+++ Source data +++

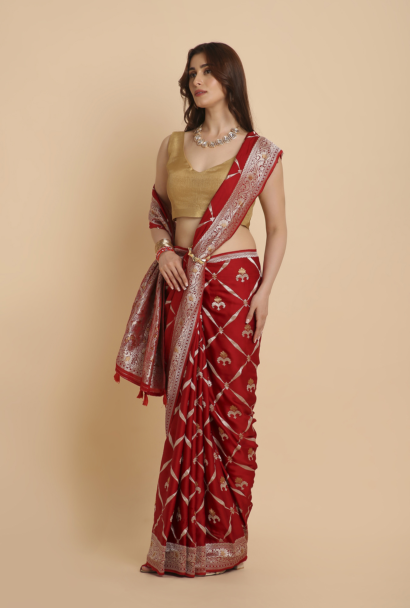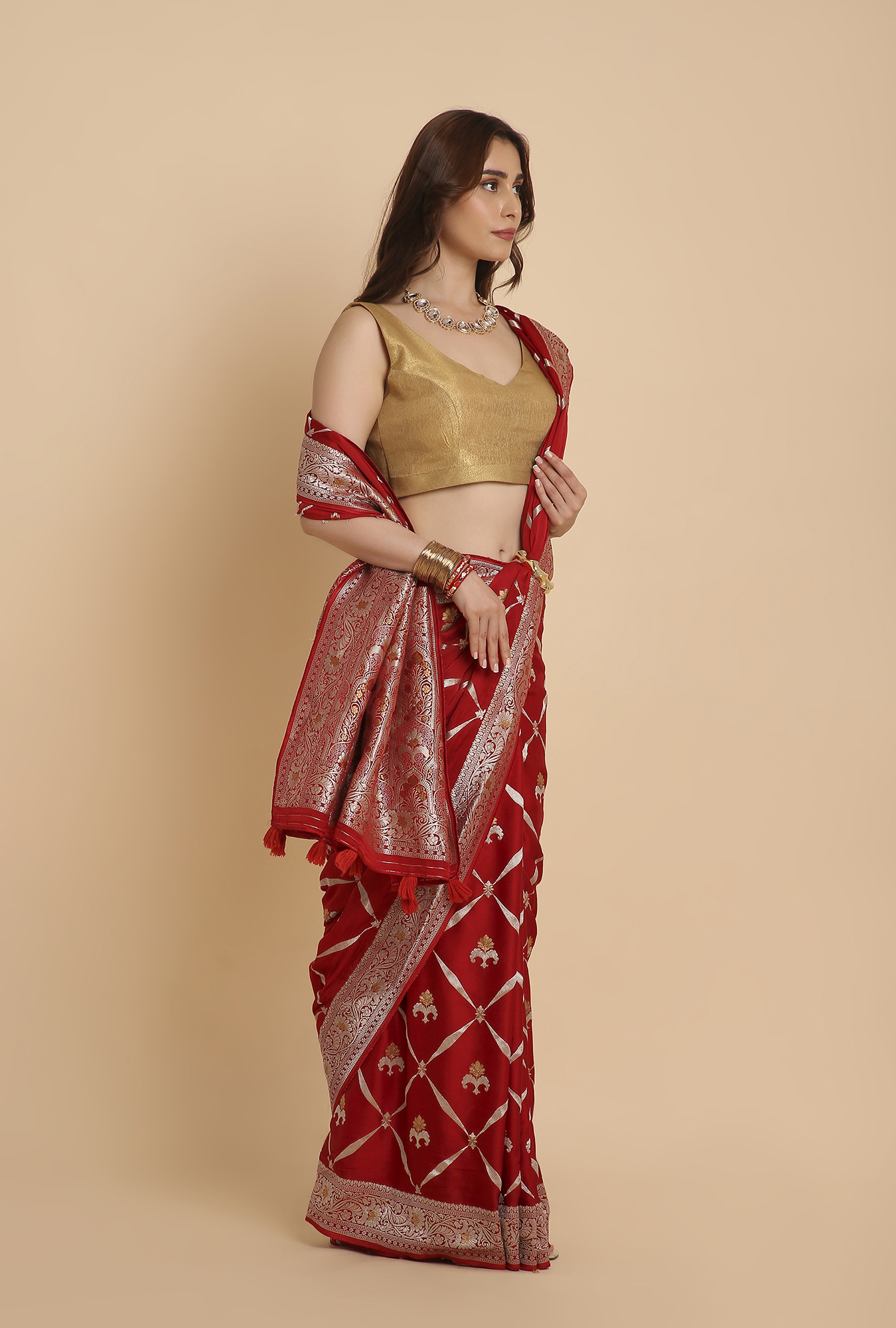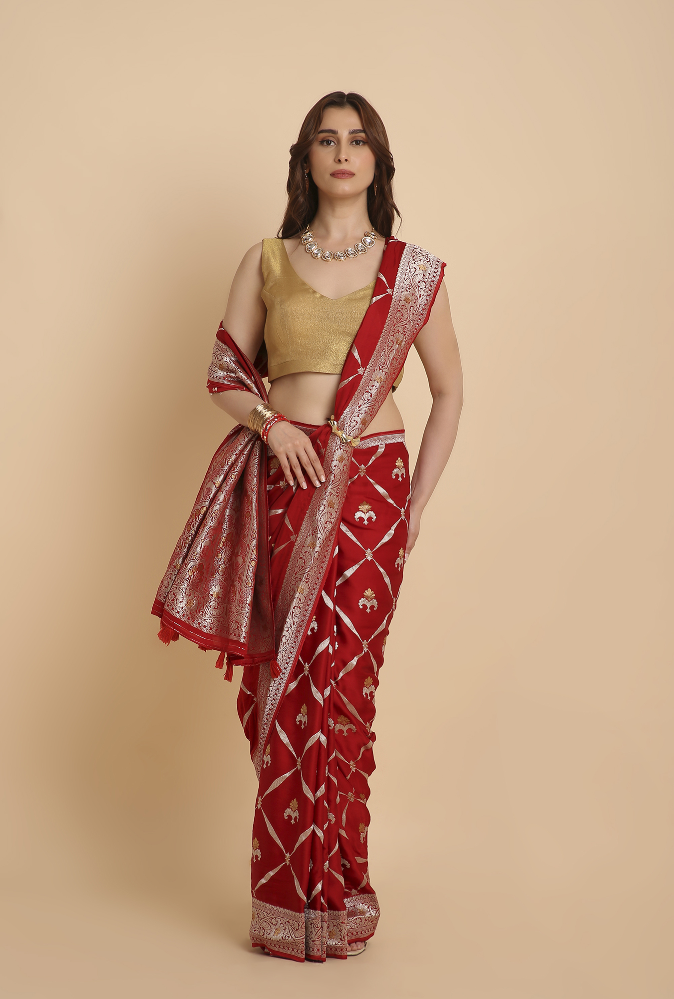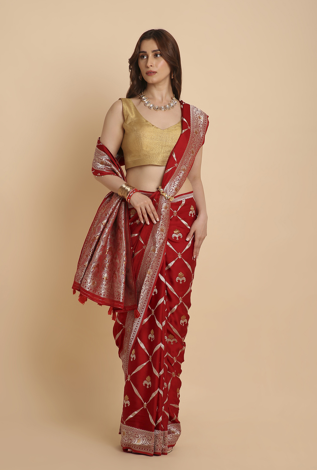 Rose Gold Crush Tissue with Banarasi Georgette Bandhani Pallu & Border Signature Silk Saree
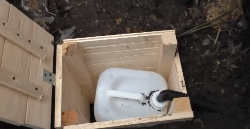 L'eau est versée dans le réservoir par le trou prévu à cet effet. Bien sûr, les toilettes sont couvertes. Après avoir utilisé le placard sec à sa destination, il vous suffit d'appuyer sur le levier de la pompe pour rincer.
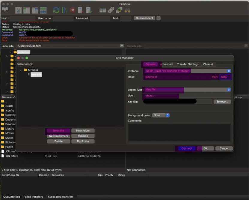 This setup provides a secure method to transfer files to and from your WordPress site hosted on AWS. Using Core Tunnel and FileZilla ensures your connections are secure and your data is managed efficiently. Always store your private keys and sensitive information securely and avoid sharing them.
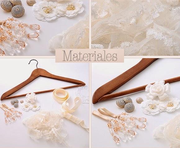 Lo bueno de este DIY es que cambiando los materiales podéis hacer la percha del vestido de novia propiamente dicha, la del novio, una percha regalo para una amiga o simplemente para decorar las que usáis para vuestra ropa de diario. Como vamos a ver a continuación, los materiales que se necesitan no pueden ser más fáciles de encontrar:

+++

Repeat the listing above word for word and leave its images out.

◆ Answer
 Rose Gold Crush Tissue with Banarasi Georgette Bandhani Pallu & Border Signature Silk Saree
 L'eau est versée dans le réservoir par le trou prévu à cet effet. Bien sûr, les toilettes sont couvertes. Après avoir utilisé le placard sec à sa destination, il vous suffit d'appuyer sur le levier de la pompe pour rincer.
 This setup provides a secure method to transfer files to and from your WordPress site hosted on AWS. Using Core Tunnel and FileZilla ensures your connections are secure and your data is managed efficiently. Always store your private keys and sensitive information securely and avoid sharing them.
 Lo bueno de este DIY es que cambiando los materiales podéis hacer la percha del vestido de novia propiamente dicha, la del novio, una percha regalo para una amiga o simplemente para decorar las que usáis para vuestra ropa de diario. Como vamos a ver a continuación, los materiales que se necesitan no pueden ser más fáciles de encontrar:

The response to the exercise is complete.